[<prev] [next>] [<thread-prev] [thread-next>] [day] [month] [year] [list]
Message-ID: <bd3d594e-55e7-47c3-99f4-efc1a4688fb2@linux.dev>
Date: Wed, 31 Jan 2024 12:04:00 -0800
From: Yonghong Song <yonghong.song@...ux.dev>
To: Marco Elver <elver@...gle.com>
Cc: Alexei Starovoitov <ast@...nel.org>,
Daniel Borkmann <daniel@...earbox.net>, Andrii Nakryiko <andrii@...nel.org>,
Martin KaFai Lau <martin.lau@...ux.dev>, Song Liu <song@...nel.org>,
John Fastabend <john.fastabend@...il.com>, KP Singh <kpsingh@...nel.org>,
Stanislav Fomichev <sdf@...gle.com>, Hao Luo <haoluo@...gle.com>,
Jiri Olsa <jolsa@...nel.org>, Mykola Lysenko <mykolal@...com>,
Shuah Khan <shuah@...nel.org>, bpf@...r.kernel.org,
linux-kernel@...r.kernel.org, linux-kselftest@...r.kernel.org
Subject: Re: [PATCH] bpf: Separate bpf_local_storage_lookup() fast and slow
paths
On 1/31/24 6:18 AM, Marco Elver wrote:
> To allow the compiler to inline the bpf_local_storage_lookup() fast-
> path, factor it out by making bpf_local_storage_lookup() a static inline
> function and move the slow-path to bpf_local_storage_lookup_slowpath().
>
> Base on results from './benchs/run_bench_local_storage.sh' this produces
> improvements in throughput and latency in the majority of cases:
>
> | Hashmap Control
> | ===============
> | num keys: 10
> | hashmap (control) sequential get:
> | <before> | <after>
> | hits throughput: 13.895 ± 0.024 M ops/s | 14.022 ± 0.095 M ops/s (+0.9%)

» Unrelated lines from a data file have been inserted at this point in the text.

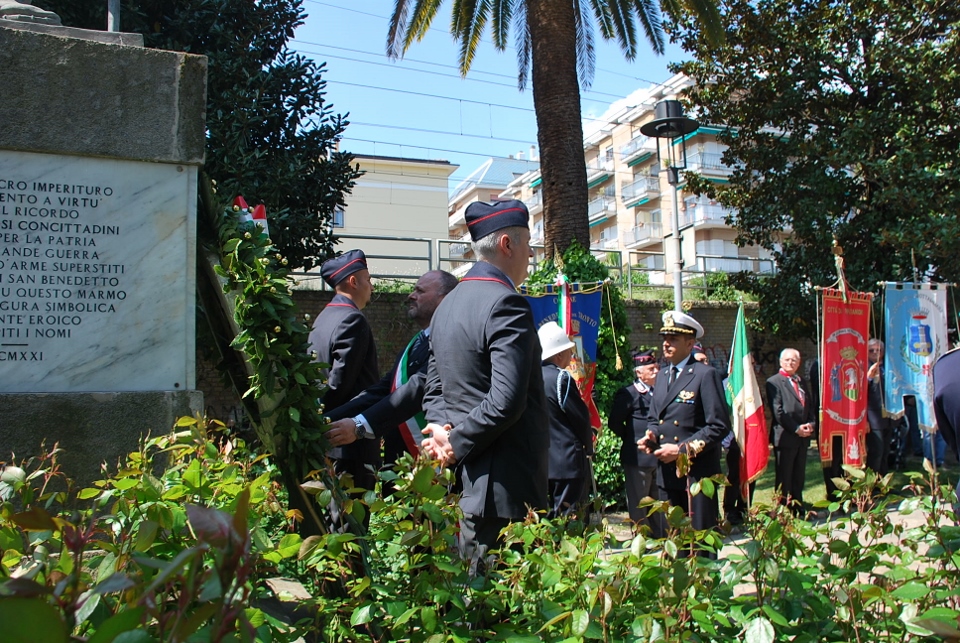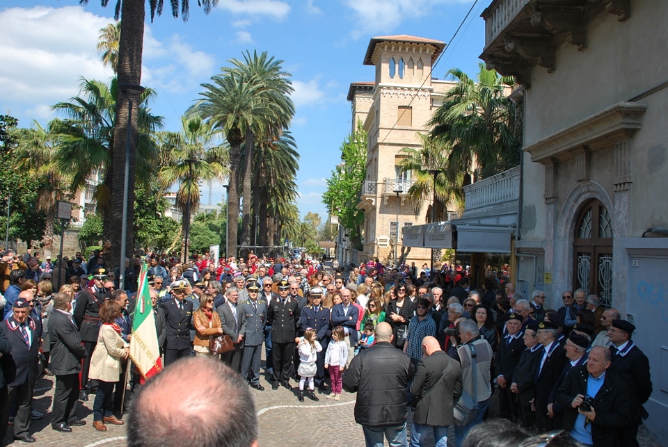 SAN BENEDETTO DEL TRONTO – A 70 anni dalla Liberazione di San Benedetto del Tronto, con una riflessione sulla storia della Resistenza locale e in particolare sulle figure degli uomini e delle donne che persero la vita per la libertà, questa mattina, venerdì 25 aprile, in largo Onorati, si è celebrato l’Anniversario della Alla cerimonia istituzionale hanno preso parte autorità civili e militari cittadine, provinciali e regionali e dei Comuni del comprensorio (Ripatransone, Monteprandone, Grottammare, Cupra Marittima), le associazioni degli ex combattenti e d’arma, l’Anpi e tantissimi cittadini.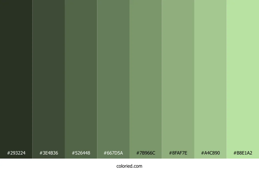 ![]() | #293224 | 41, 50, 36 | 99, 16%, 17% | 18%, 0%, 28%, 80% | oklch(0.304 0.027 135) |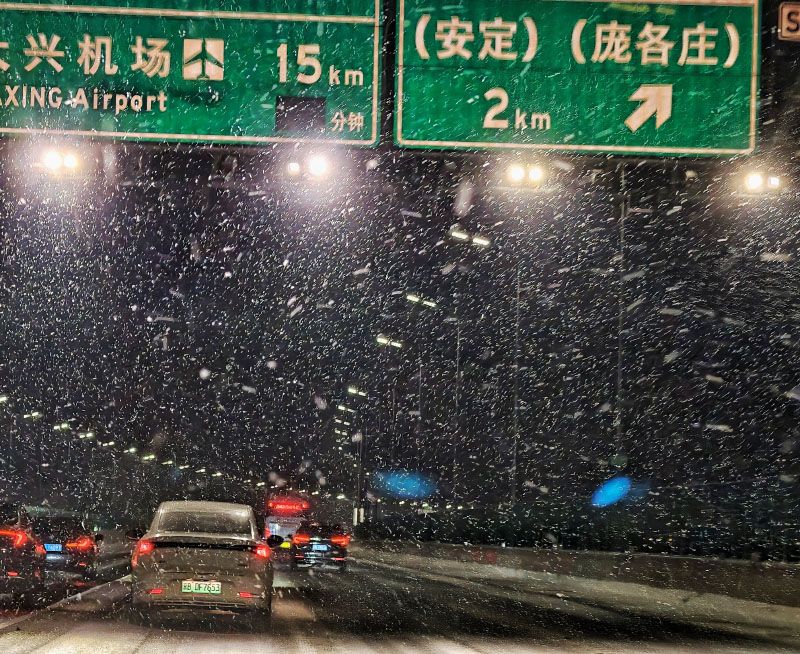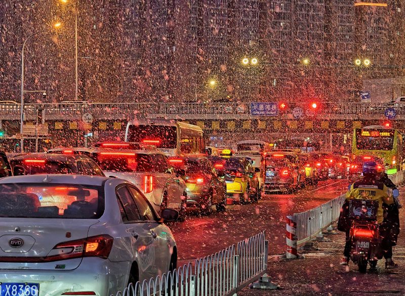 1月17日17時(shí)許,北京十里河,受降雪影響,車(chē)輛行駛緩慢。北京市氣象臺(tái)17日17時(shí)發(fā)布,今天傍晚至夜間陰有小到中雪,西部沿山局地大雪,東轉(zhuǎn)北風(fēng)二級(jí)左右,最低氣溫-7℃;明天白天小雪轉(zhuǎn)陰,偏北風(fēng)二三級(jí),山區(qū)陣風(fēng)六級(jí),最高氣溫-4℃。道路結(jié)冰黃色和持續(xù)低溫黃色預(yù)警中,請(qǐng)注意防寒防凍和出行安全。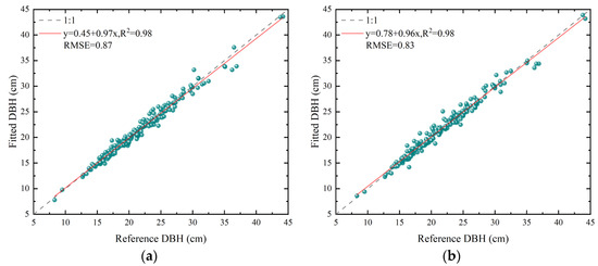 Scatterplot of DBH measurements using a steel tape measure versus DBH measurements using other methods. (a) Scatterplot of DBH estimates from reference [44]; (b) scatterplot of DBH estimates in this paper.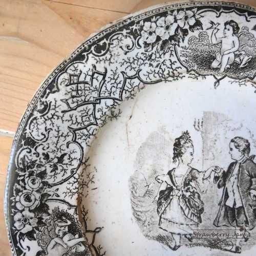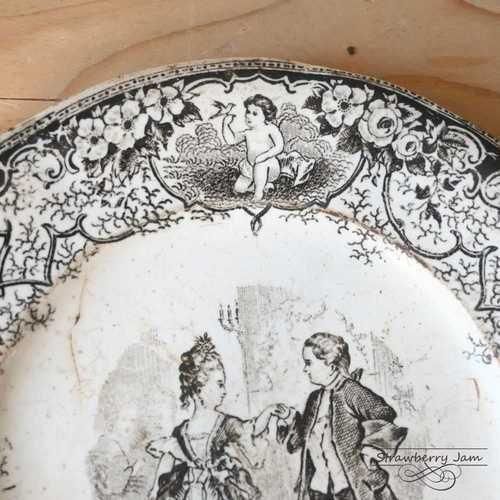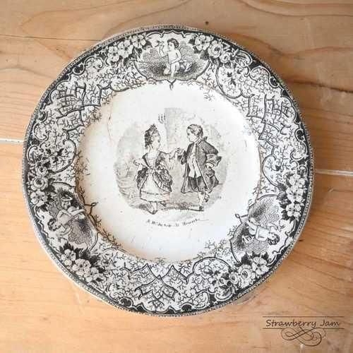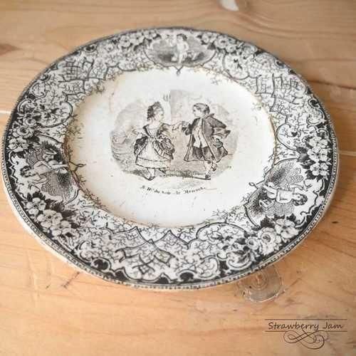 送料込!フランスアンティーク グリニー Grigny Rhône グリニー・ローヌ お皿 食器 エンジェル プレート ケーキ皿 フランス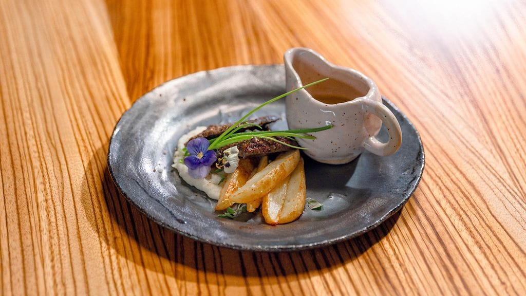 Pese ja leikkaa perunat pitkittäin kahdeksaan lohkoon, paista pannulla voin ja öljyn seoksessa hetki, laita perunalohkot uunivuokaan/pellille ja nosta pelti uuniin 180 asteeseen.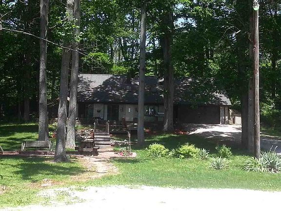Charming country setting with partial Berm style home on nearly 10 acres of woods makes this home perfect for any family. Four bedroom, 2 bathroom and fully applianced. All electric, well water and septic. Both detached and attached garages. Lovely landscaped terraces and water features down rolling front yard for outdoor enjoyment. Homeowner pays only one utility for electricity.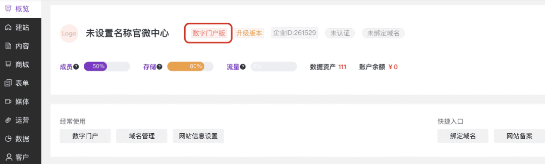 购买co.ltd域名用户,附带的系统版本将统一显示为「数字门户版」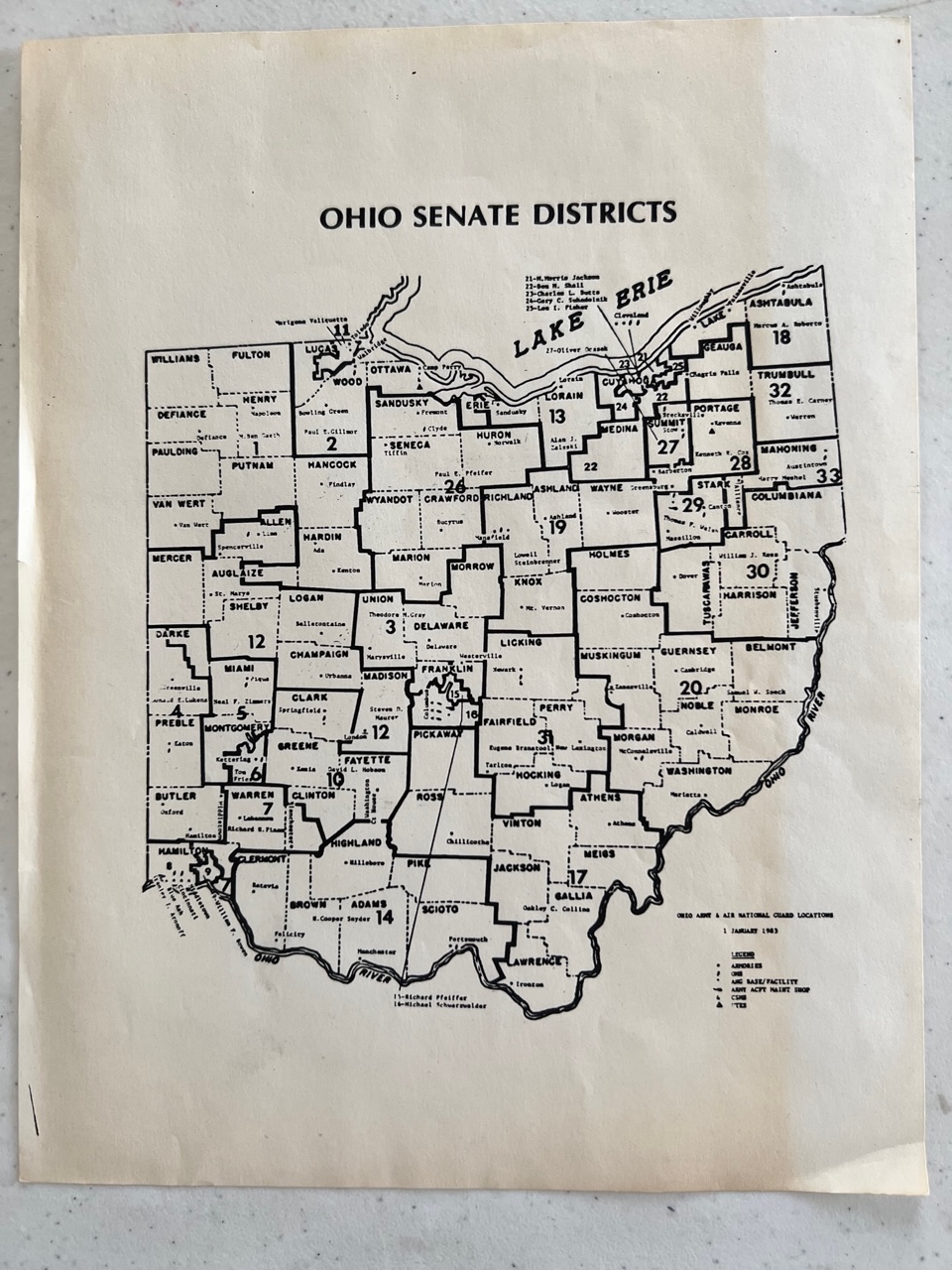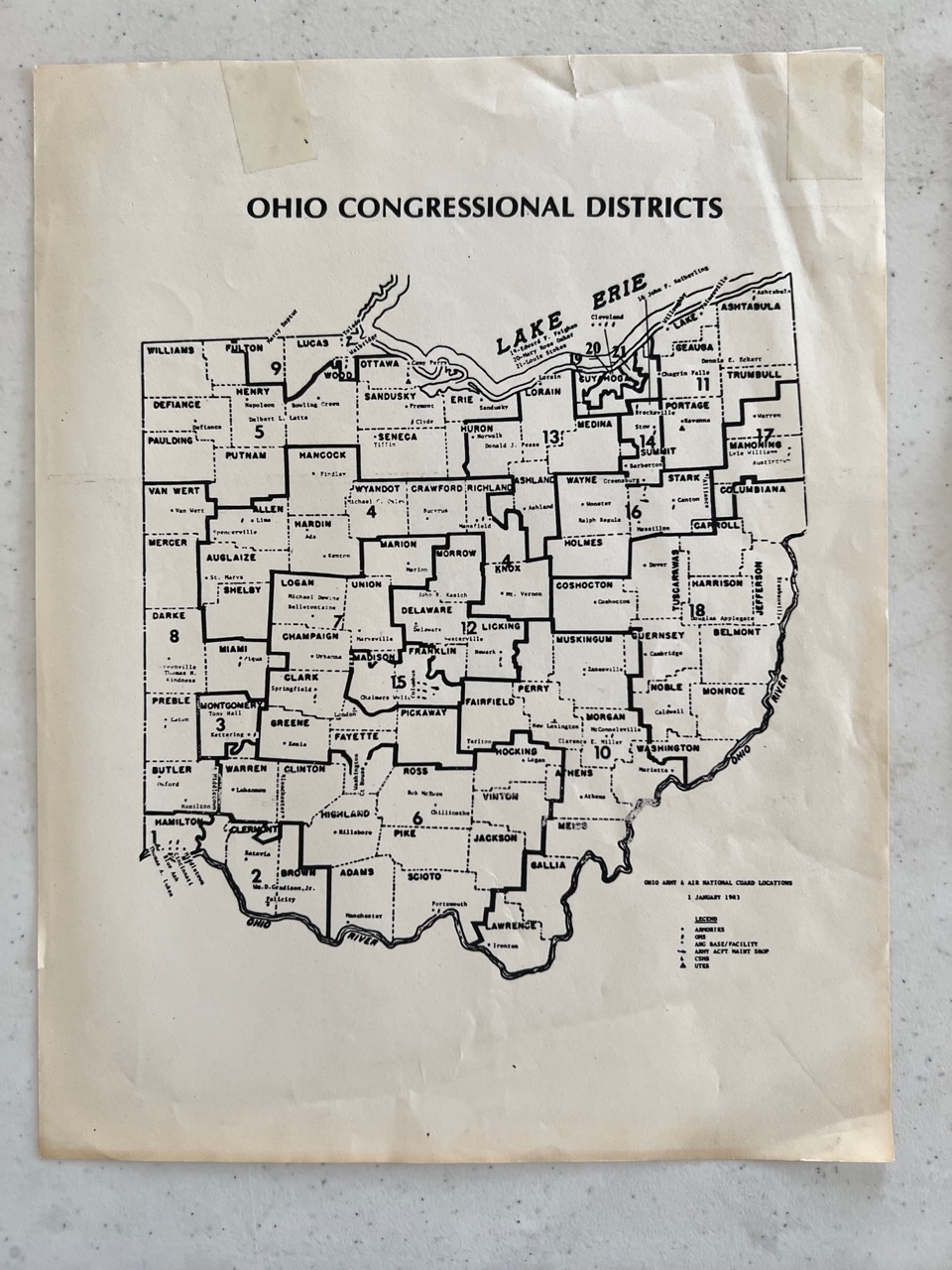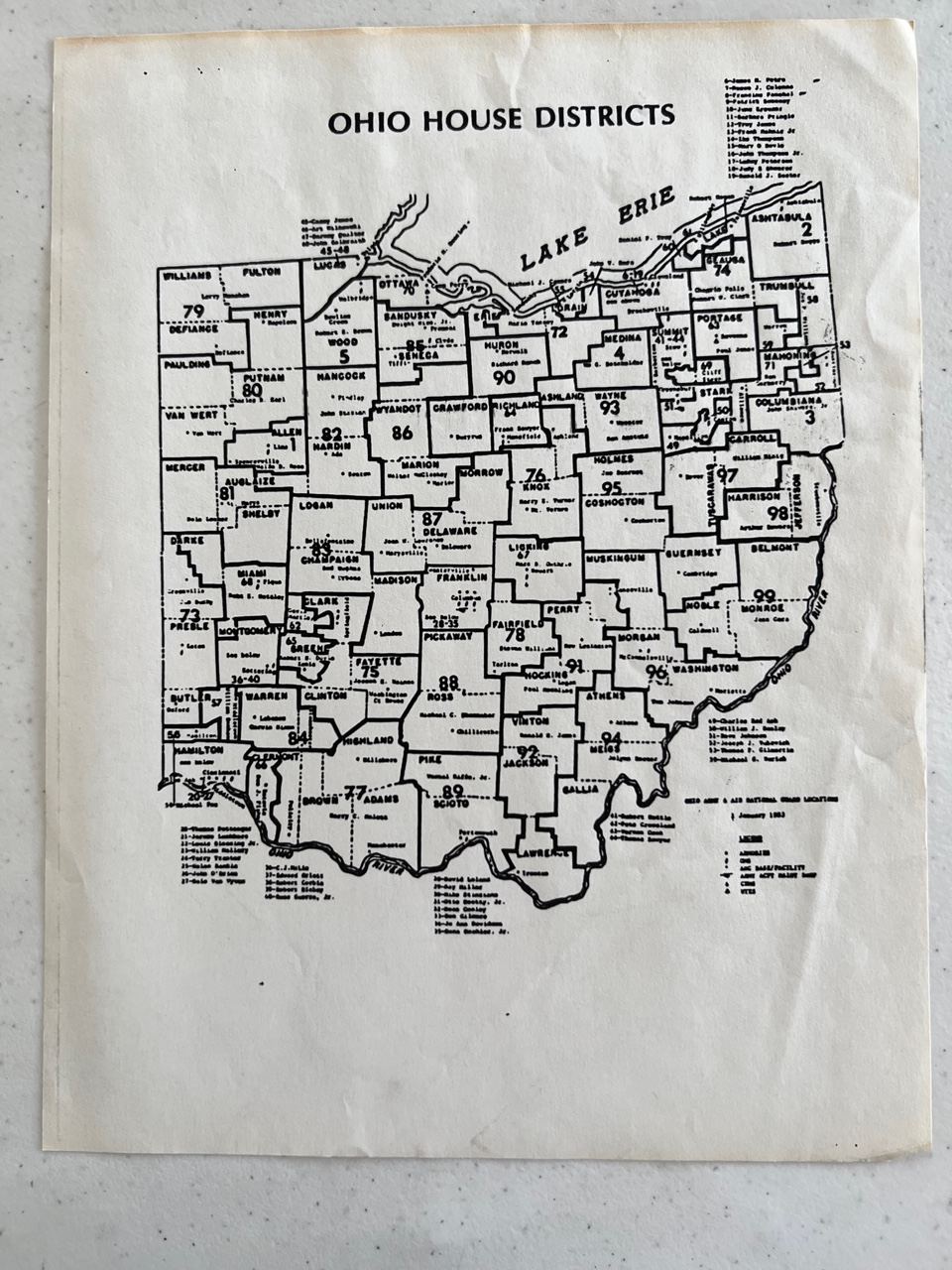Items: 0008: 1975 Wayne National Forest map; 0009: 1985 State of Ohio map; 0012: 1963 Ohio Congressional district map; 0013: 1963 Ohio Senate districts map; 0014: 1963 Ohio House districts map; 0036: 1999 National Park System Map.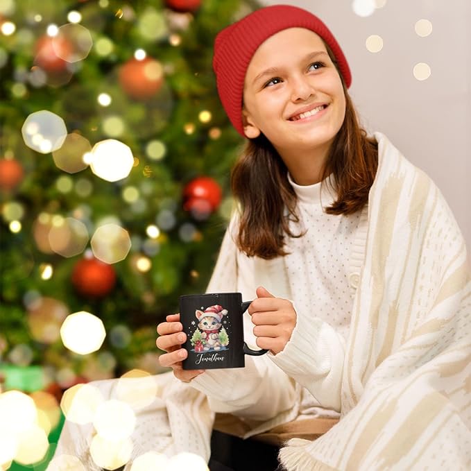 - 💝 UNIQUE DESIGN MUG: Delight a cat lover with this "Cute Christmas Cat Cup" featuring an adorable cat in a Santa hat surrounded by festive trees and a gift. Click "Customize Now" to add a name, making it a charming holiday gift for friends and family. This black ceramic mug is great for enjoying warm beverages during the Christmas season.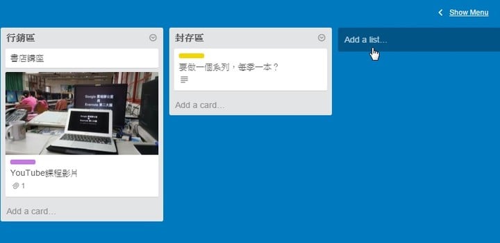 首先 Trello 可以让你在一大块看板(Board)中建立无数个「List」清单,你要整理某种资料、你要完成某个专案,需要多少清单分类,都可以在 Board 中自由建立、自由排列,并且清楚的在整个墙上一览无遗。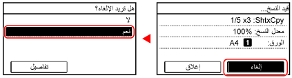 اتبع التعليمات الظاهرة على الشاشة لإلغاء عملية النسخ.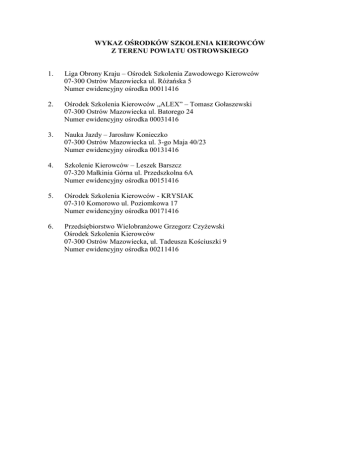 WYKAZ OŚRODKÓW SZKOLENIA KIEROWCÓW Z TERENU POWIATU OSTROWSKIEGO 1. Liga Obrony Kraju – Ośrodek Szkolenia Zawodowego Kierowców 07-300 Ostrów Mazowiecka ul. Różańska 5 Numer ewidencyjny ośrodka 00011416 2. Ośrodek Szkolenia Kierowców „ALEX” – Tomasz Gołaszewski 07-300 Ostrów Mazowiecka ul. Batorego 24 Numer ewidencyjny ośrodka 00031416 3. Nauka Jazdy – Jarosław Konieczko 07-300 Ostrów Mazowiecka ul. 3-go Maja 40/23 Numer ewidencyjny ośrodka 00131416 4. Szkolenie Kierowców – Leszek Barszcz 07-320 Małkinia Górna ul. Przedszkolna 6A Numer ewidencyjny ośrodka 00151416 5. Ośrodek Szkolenia Kierowców - KRYSIAK 07-310 Komorowo ul. Poziomkowa 17 Numer ewidencyjny ośrodka 00171416 6. Przedsiębiorstwo Wielobranżowe Grzegorz Czyżewski Ośrodek Szkolenia Kierowców 07-300 Ostrów Mazowiecka, ul. Tadeusza Kościuszki 9 Numer ewidencyjny ośrodka 00211416

> | hits latency: 71.968 ns/op | 71.318 ns/op (-0.9%)
> | important_hits throughput: 13.895 ± 0.024 M ops/s | 14.022 ± 0.095 M ops/s (+0.9%)
> |
> | num keys: 1000
> | hashmap (control) sequential get:
> | <before> | <after>
> | hits throughput: 11.793 ± 0.018 M ops/s | 11.645 ± 0.370 M ops/s (-1.3%)
> | hits latency: 84.794 ns/op | 85.874 ns/op (+1.3%)
> | important_hits throughput: 11.793 ± 0.018 M ops/s | 11.645 ± 0.370 M ops/s (-1.3%)
> |
> | num keys: 10000
> | hashmap (control) sequential get:
> | <before> | <after>
> | hits throughput: 7.113 ± 0.012 M ops/s | 7.037 ± 0.051 M ops/s (-1.1%)
> | hits latency: 140.581 ns/op | 142.113 ns/op (+1.1%)
> | important_hits throughput: 7.113 ± 0.012 M ops/s | 7.037 ± 0.051 M ops/s (-1.1%)
> |
> | num keys: 100000
> | hashmap (control) sequential get:
> | <before> | <after>
> | hits throughput: 4.793 ± 0.034 M ops/s | 4.990 ± 0.025 M ops/s (+4.1%)
> | hits latency: 208.623 ns/op | 200.401 ns/op (-3.9%)
> | important_hits throughput: 4.793 ± 0.034 M ops/s | 4.990 ± 0.025 M ops/s (+4.1%)
> |
> | num keys: 4194304
> | hashmap (control) sequential get:
> | <before> | <after>
> | hits throughput: 2.088 ± 0.008 M ops/s | 2.962 ± 0.004 M ops/s (+41.9%)
> | hits latency: 478.851 ns/op | 337.648 ns/op (-29.5%)
> | important_hits throughput: 2.088 ± 0.008 M ops/s | 2.962 ± 0.004 M ops/s (+41.9%)
> |
> | Local Storage
> | =============
> | num_maps: 1
> | local_storage cache sequential get:
> | <before> | <after>
> | hits throughput: 32.598 ± 0.008 M ops/s | 38.480 ± 0.054 M ops/s (+18.0%)
> | hits latency: 30.676 ns/op | 25.988 ns/op (-15.3%)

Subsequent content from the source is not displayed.